▸ **Task brief**
Don't include any picture when you restate the data word for word.
Records to use below:
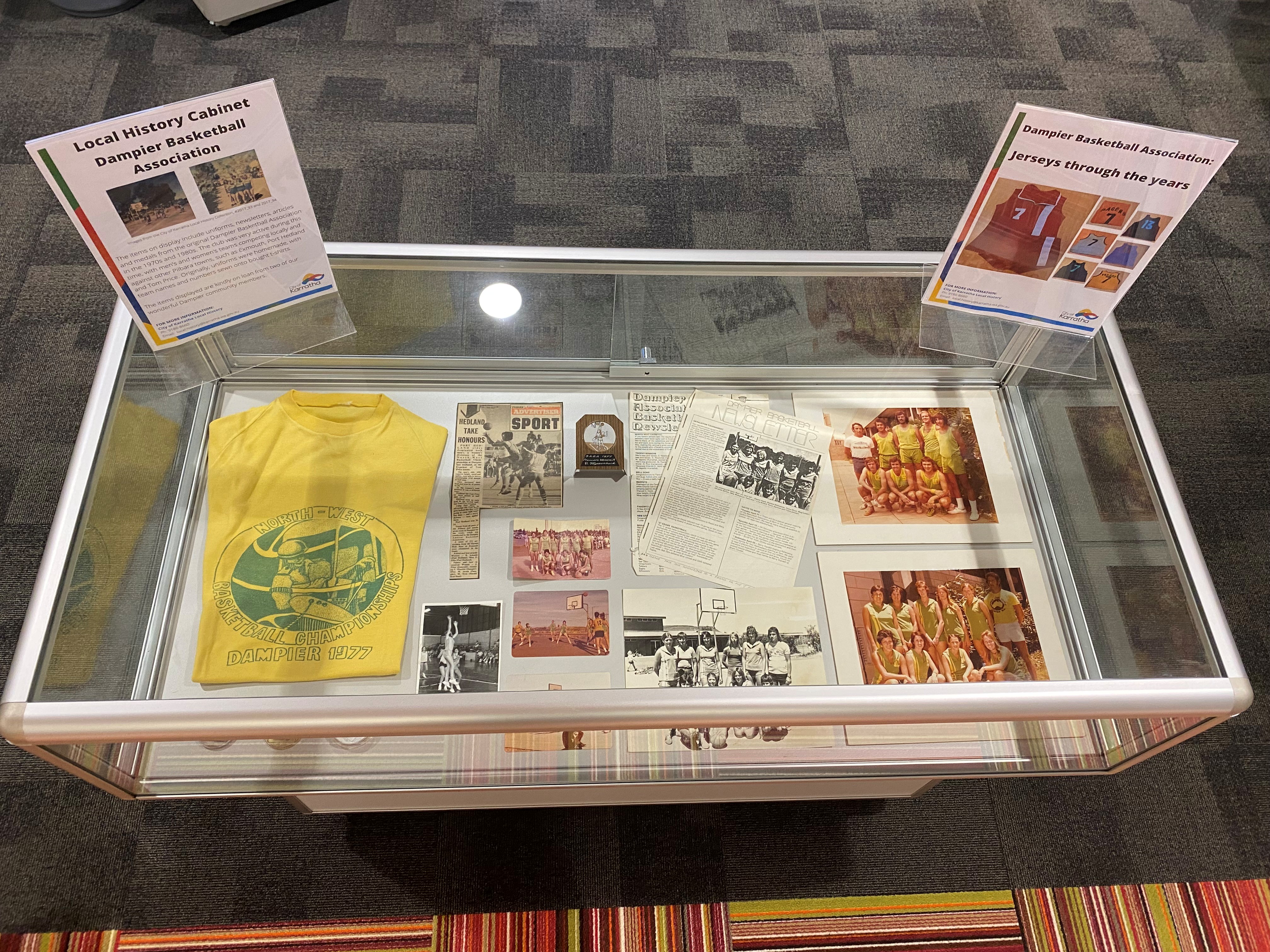 Currently on display are items and memorabilia kindly on loan from two long-time Dampier residents. Collected during their time as members of the Dampier Basketball Association in the 1970s and 1980s, the collection includes photographs, medals, newspaper articles, newsletters and uniforms.
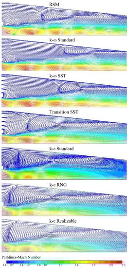 A sudden drop of Ma indicates that a shockwave appears in the flow field. A sudden rise of Ma indicates that an expansion wave occurs. The flow direction is vertical to the surface of a normal shock wave, which does not change after the normal shock wave. The direction changes after passing through an oblique one. The number and type of shockwaves predicted by different turbulence models are different, as shown in Figure 7.
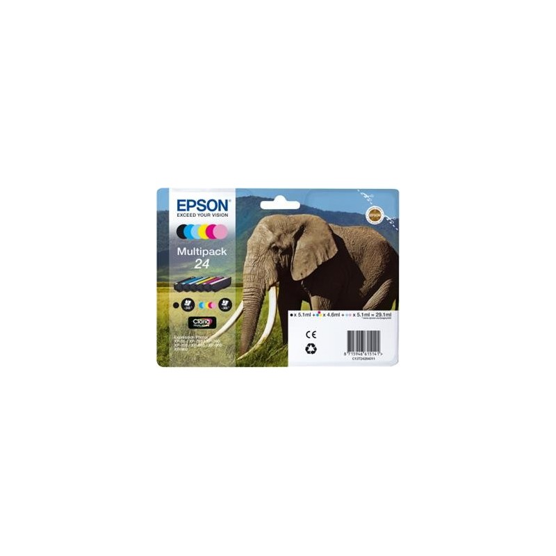 Consumables: Ink Cartridges, Claria™ Photo HD Ink, 24, Elephant, Multipack, 1 x 5.1 ml Black, 1 x 5.1 ml Light Cyan, 1 x 4.6 ml Magenta, 1 x 4.6 ml Cyan, 1 x 4.6 ml Yellow, 1 x 5.1 ml Light Magenta
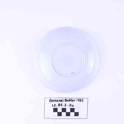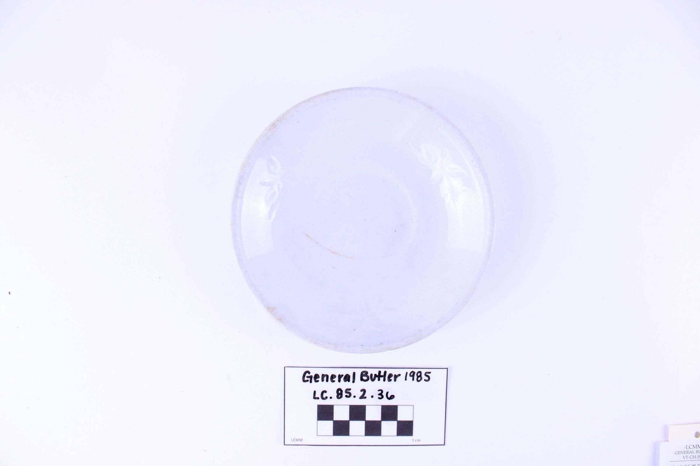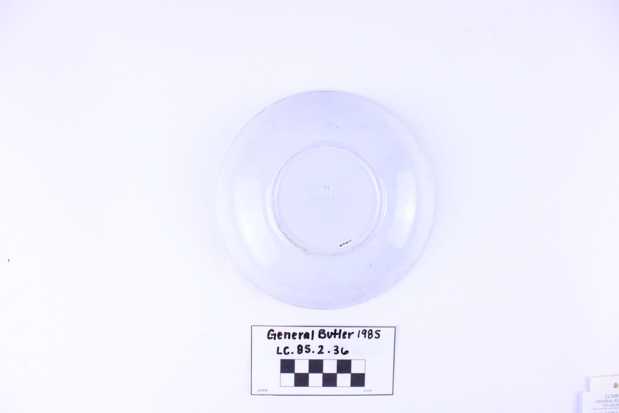 Artifact LC-85-2-36 is one (1) white ceramic plate from the General Butler. The plate has three floral details running on the inner rim of the plate and only minor chipping and signs of wear. Faded and illegible makers mark on the bottom.
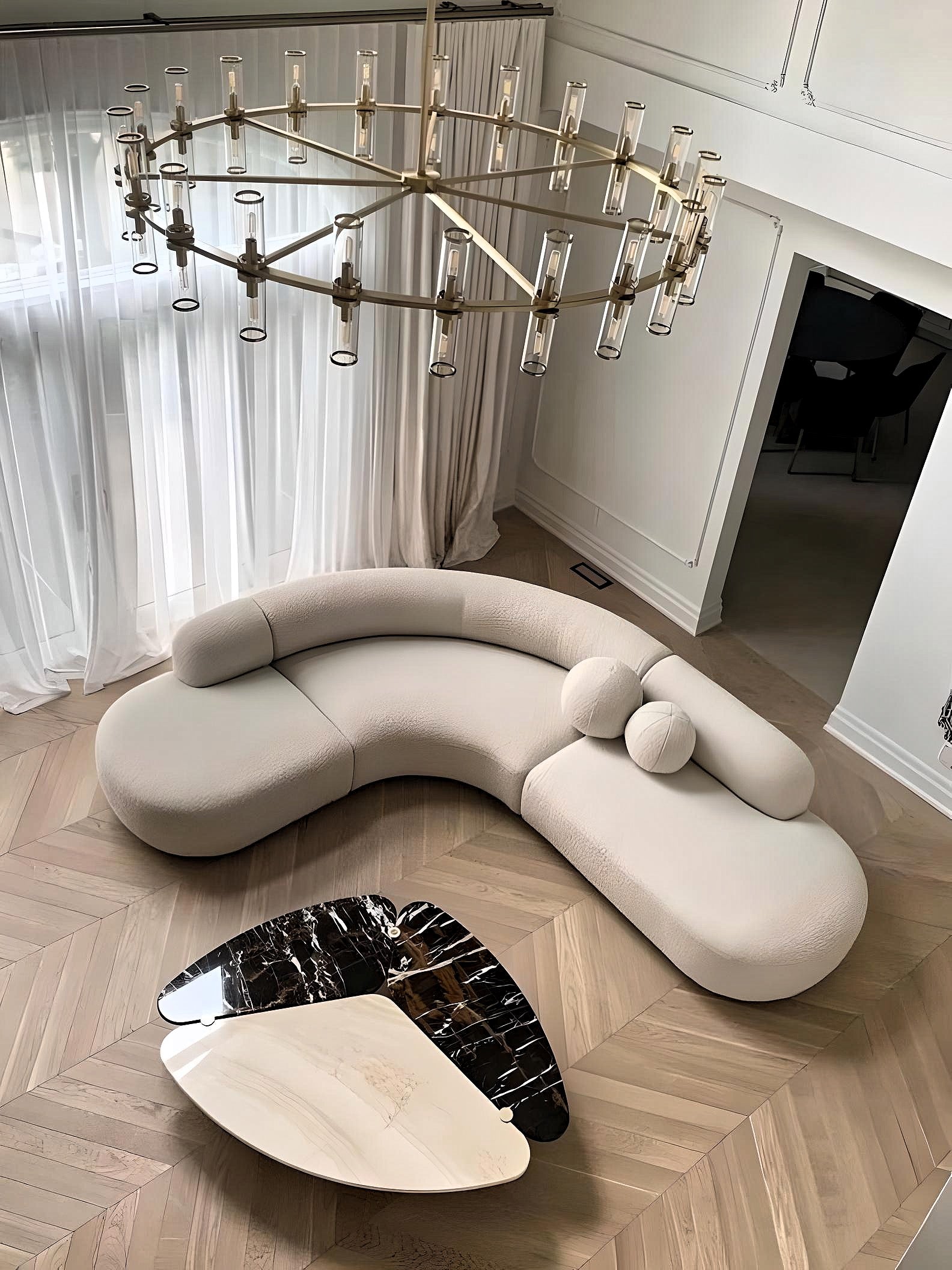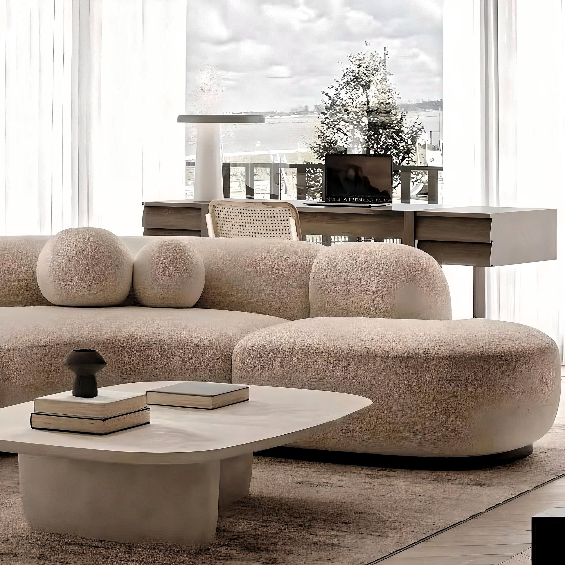 The Elysian Comfort sofa embodies the epitome of modern luxury and elegance. Designed with a smooth, flowing silhouette, this sofa enhances any contemporary living space with its refined aesthetic. Upholstered in premium teddy velvet, the Elysian Comfort offers an irresistibly soft texture that invites relaxation. The sofa is crafted with high-quality technology fabric, high-density resilient sponge cushioning, and a solid wood frame, ensuring long-lasting comfort and durability.
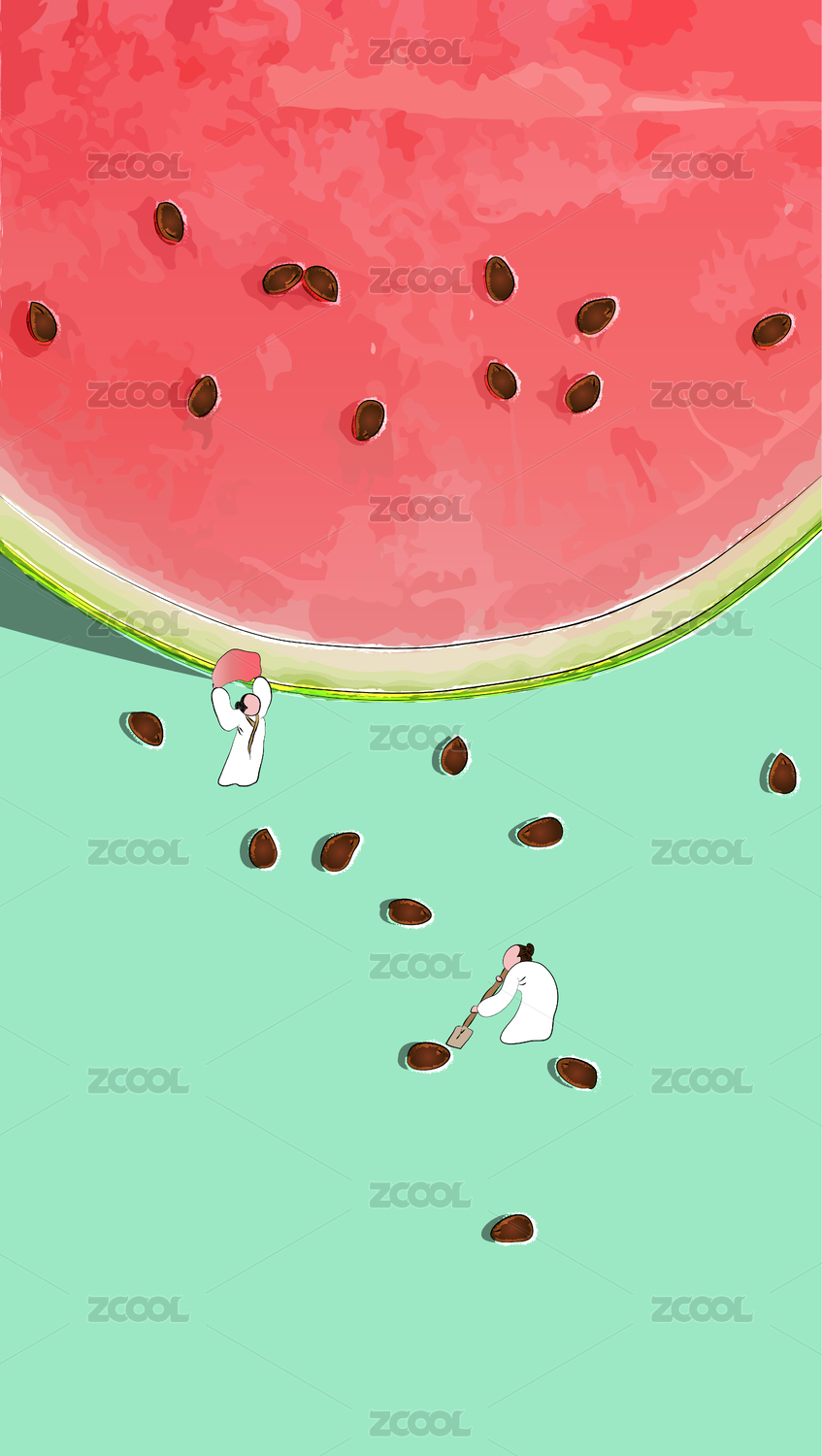 國潮夏季西瓜古人微景矢量中國風插畫素材
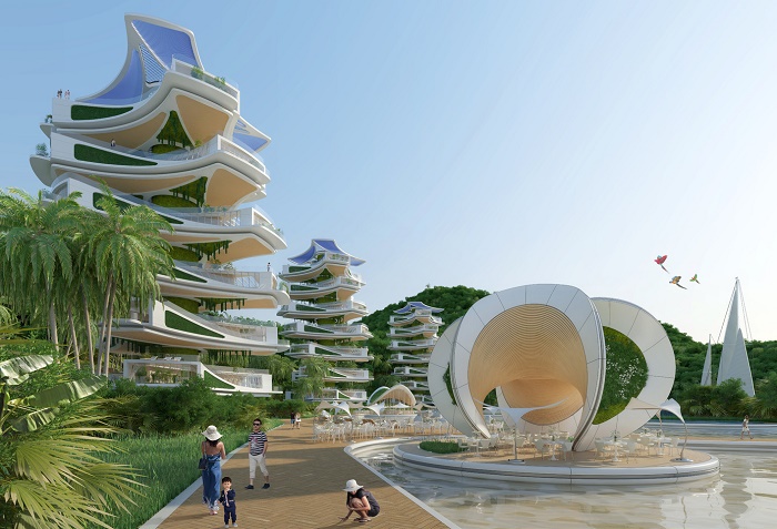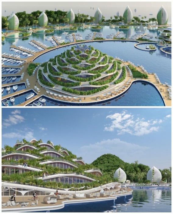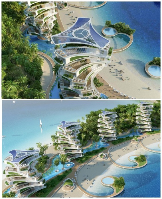 ♦ Гора оригами. В центре лагуны планируют обустроить настоящий научно-исследовательский центр и базу отдыха для сотрудников. Его фасад, покрытый волнообразными балконами, разворачивающимися подобно гигантским оригами утопает в зелени. На крыше здания-горы предусмотрены огороды и органические сады, где не только будут проводить селекционную работу, но и выращивать овощи, фрукты и зелень для нужд ресторанов эко-курорта. Внутри искусственной горы предусмотрены лаборатории, учебные и демонстрационные классы, конференц-залы, спортивный бассейн и бассейн для отдыха с морской водой. Все эти зоны будут в открытом доступе, чтобы побудить обычных туристов взаимодействовать с учеными и исследователями. Здесь также планируют открыть начальную школу и дошкольное учреждение для детей сотрудников/инвесторов, медицинский центр, тренажерный зал и многое другое.
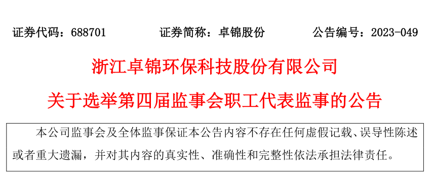 浙江卓錦環保科技股份有限公司關于選舉第四屆監事會職工代表監事的公告
End of Records to use.
▸ **Result of the exercise**
 Currently on display are items and memorabilia kindly on loan from two long-time Dampier residents. Collected during their time as members of the Dampier Basketball Association in the 1970s and 1980s, the collection includes photographs, medals, newspaper articles, newsletters and uniforms.
 A sudden drop of Ma indicates that a shockwave appears in the flow field. A sudden rise of Ma indicates that an expansion wave occurs. The flow direction is vertical to the surface of a normal shock wave, which does not change after the normal shock wave. The direction changes after passing through an oblique one. The number and type of shockwaves predicted by different turbulence models are different, as shown in Figure 7.
 Consumables: Ink Cartridges, Claria™ Photo HD Ink, 24, Elephant, Multipack, 1 x 5.1 ml Black, 1 x 5.1 ml Light Cyan, 1 x 4.6 ml Magenta, 1 x 4.6 ml Cyan, 1 x 4.6 ml Yellow, 1 x 5.1 ml Light Magenta
 Artifact LC-85-2-36 is one (1) white ceramic plate from the General Butler. The plate has three floral details running on the inner rim of the plate and only minor chipping and signs of wear. Faded and illegible makers mark on the bottom.
 The Elysian Comfort sofa embodies the epitome of modern luxury and elegance. Designed with a smooth, flowing silhouette, this sofa enhances any contemporary living space with its refined aesthetic. Upholstered in premium teddy velvet, the Elysian Comfort offers an irresistibly soft texture that invites relaxation. The sofa is crafted with high-quality technology fabric, high-density resilient sponge cushioning, and a solid wood frame, ensuring long-lasting comfort and durability.
 國潮夏季西瓜古人微景矢量中國風插畫素材
 ♦ Гора оригами. В центре лагуны планируют обустроить настоящий научно-исследовательский центр и базу отдыха для сотрудников. Его фасад, покрытый волнообразными балконами, разворачивающимися подобно гигантским оригами утопает в зелени. На крыше здания-горы предусмотрены огороды и органические сады, где не только будут проводить селекционную работу, но и выращивать овощи, фрукты и зелень для нужд ресторанов эко-курорта. Внутри искусственной горы предусмотрены лаборатории, учебные и демонстрационные классы, конференц-залы, спортивный бассейн и бассейн для отдыха с морской водой. Все эти зоны будут в открытом доступе, чтобы побудить обычных туристов взаимодействовать с учеными и исследователями. Здесь также планируют открыть начальную школу и дошкольное учреждение для детей сотрудников/инвесторов, медицинский центр, тренажерный зал и многое другое.
 浙江卓錦環保科技股份有限公司關于選舉第四屆監事會職工代表監事的公告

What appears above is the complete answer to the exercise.